## ABOUT THIS EXERCISE
From the records below, output exactly the lines starting at the line with "Միացեալ Նահանգները կ'ողջունեն" and ending at the line with "estrella y la", both of them included, but no pictures.

## RECORD EXTRACTS
+===+

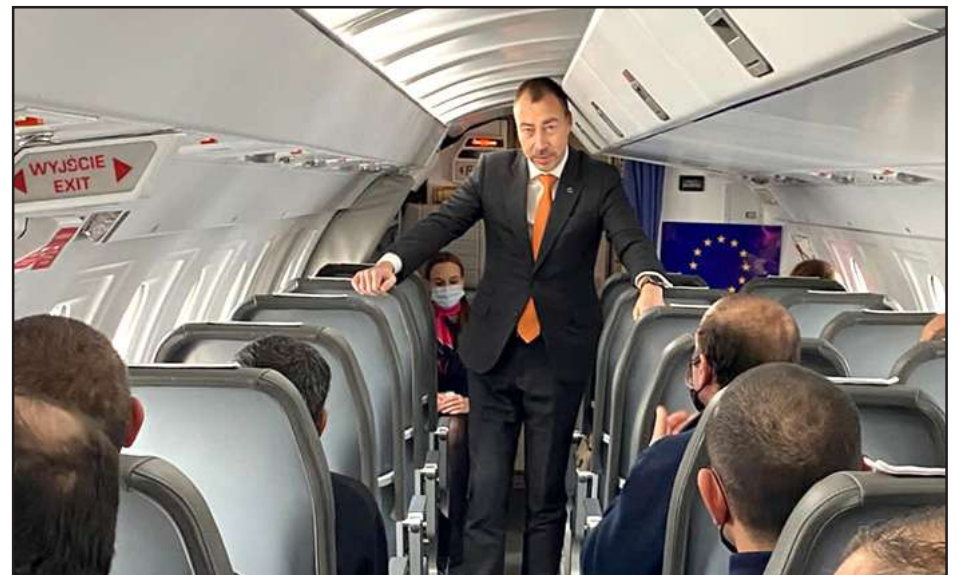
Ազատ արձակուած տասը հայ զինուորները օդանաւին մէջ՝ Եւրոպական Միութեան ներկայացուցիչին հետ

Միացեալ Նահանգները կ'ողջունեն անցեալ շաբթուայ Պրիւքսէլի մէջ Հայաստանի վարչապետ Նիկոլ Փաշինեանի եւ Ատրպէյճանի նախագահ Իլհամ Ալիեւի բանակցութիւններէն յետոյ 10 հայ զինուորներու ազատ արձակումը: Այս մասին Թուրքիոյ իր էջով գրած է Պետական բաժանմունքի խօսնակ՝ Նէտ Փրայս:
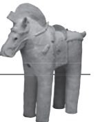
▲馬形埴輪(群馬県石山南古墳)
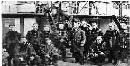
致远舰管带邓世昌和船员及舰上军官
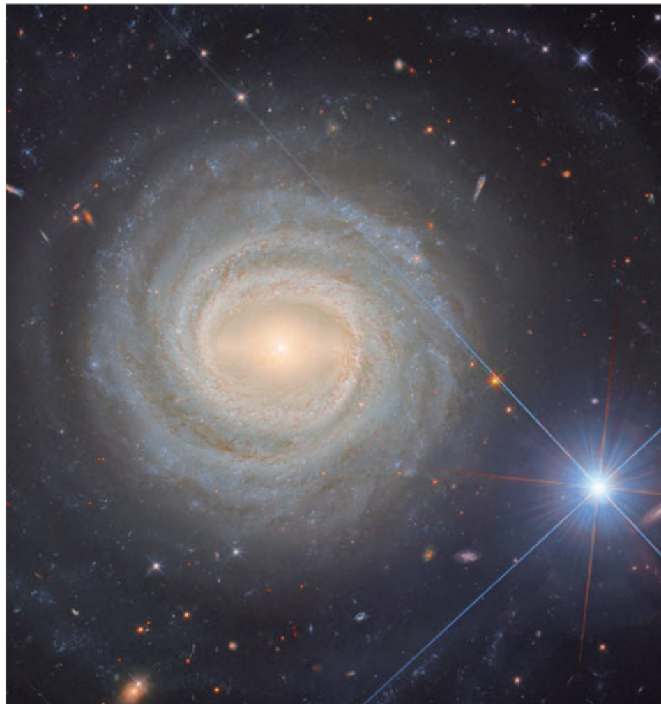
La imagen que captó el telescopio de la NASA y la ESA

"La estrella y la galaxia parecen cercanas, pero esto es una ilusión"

+===+

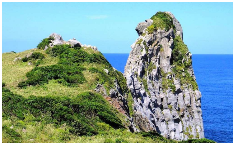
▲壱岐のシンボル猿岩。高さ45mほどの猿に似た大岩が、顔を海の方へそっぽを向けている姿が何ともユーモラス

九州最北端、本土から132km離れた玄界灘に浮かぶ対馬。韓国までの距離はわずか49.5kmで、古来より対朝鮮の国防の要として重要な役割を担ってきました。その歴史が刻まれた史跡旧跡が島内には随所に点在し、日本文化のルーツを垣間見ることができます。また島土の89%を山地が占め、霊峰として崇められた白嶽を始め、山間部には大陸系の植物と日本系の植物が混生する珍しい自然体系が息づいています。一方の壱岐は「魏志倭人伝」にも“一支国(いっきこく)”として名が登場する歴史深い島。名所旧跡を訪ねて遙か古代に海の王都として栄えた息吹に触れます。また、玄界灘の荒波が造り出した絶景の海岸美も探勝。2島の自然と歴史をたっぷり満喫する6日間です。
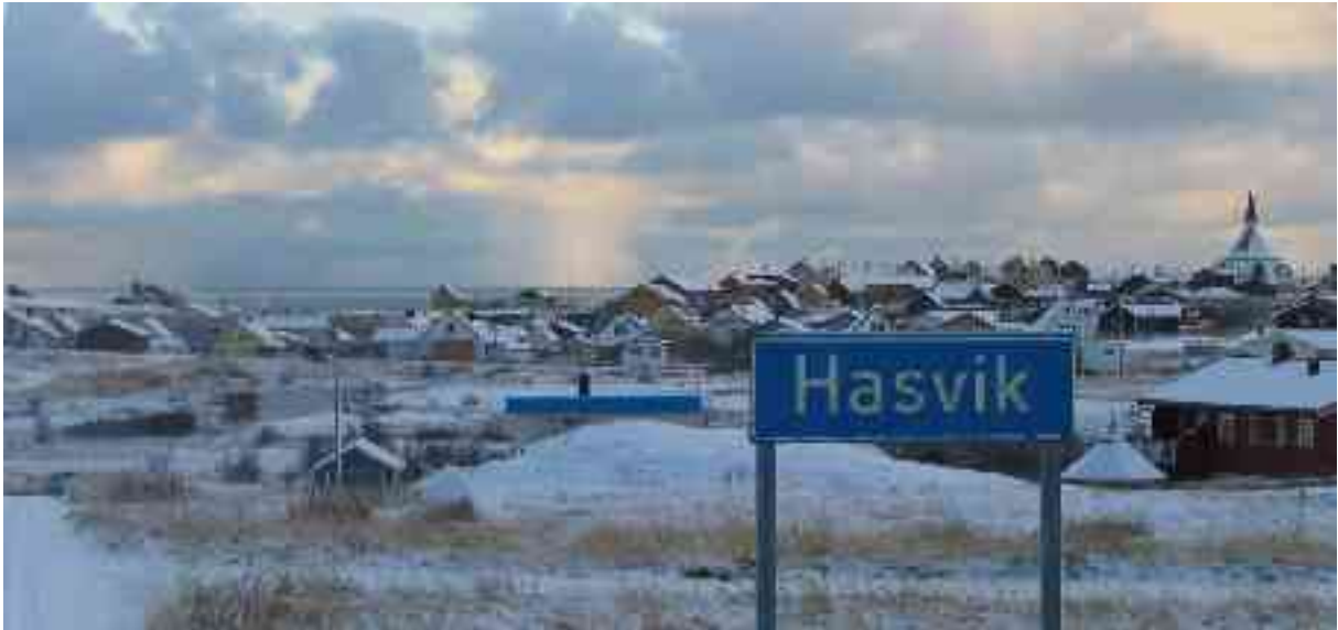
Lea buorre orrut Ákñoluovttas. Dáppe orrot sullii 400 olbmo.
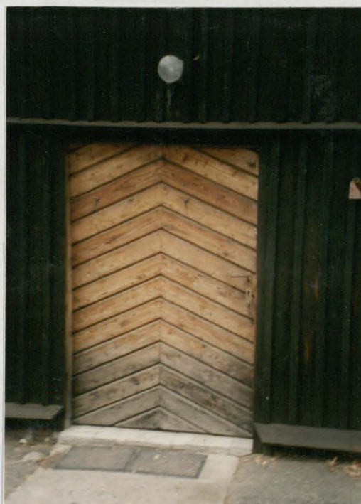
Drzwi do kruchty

+===+

## OUTPUT OF THE TASK
Միացեալ Նահանգները կ'ողջունեն անցեալ շաբթուայ Պրիւքսէլի մէջ Հայաստանի վարչապետ Նիկոլ Փաշինեանի եւ Ատրպէյճանի նախագահ Իլհամ Ալիեւի բանակցութիւններէն յետոյ 10 հայ զինուորներու ազատ արձակումը: Այս մասին Թուրքիոյ իր էջով գրած է Պետական բաժանմունքի խօսնակ՝ Նէտ Փրայս:
▲馬形埴輪(群馬県石山南古墳)
致远舰管带邓世昌和船员及舰上军官
La imagen que captó el telescopio de la NASA y la ESA

"La estrella y la galaxia parecen cercanas, pero esto es una ilusión"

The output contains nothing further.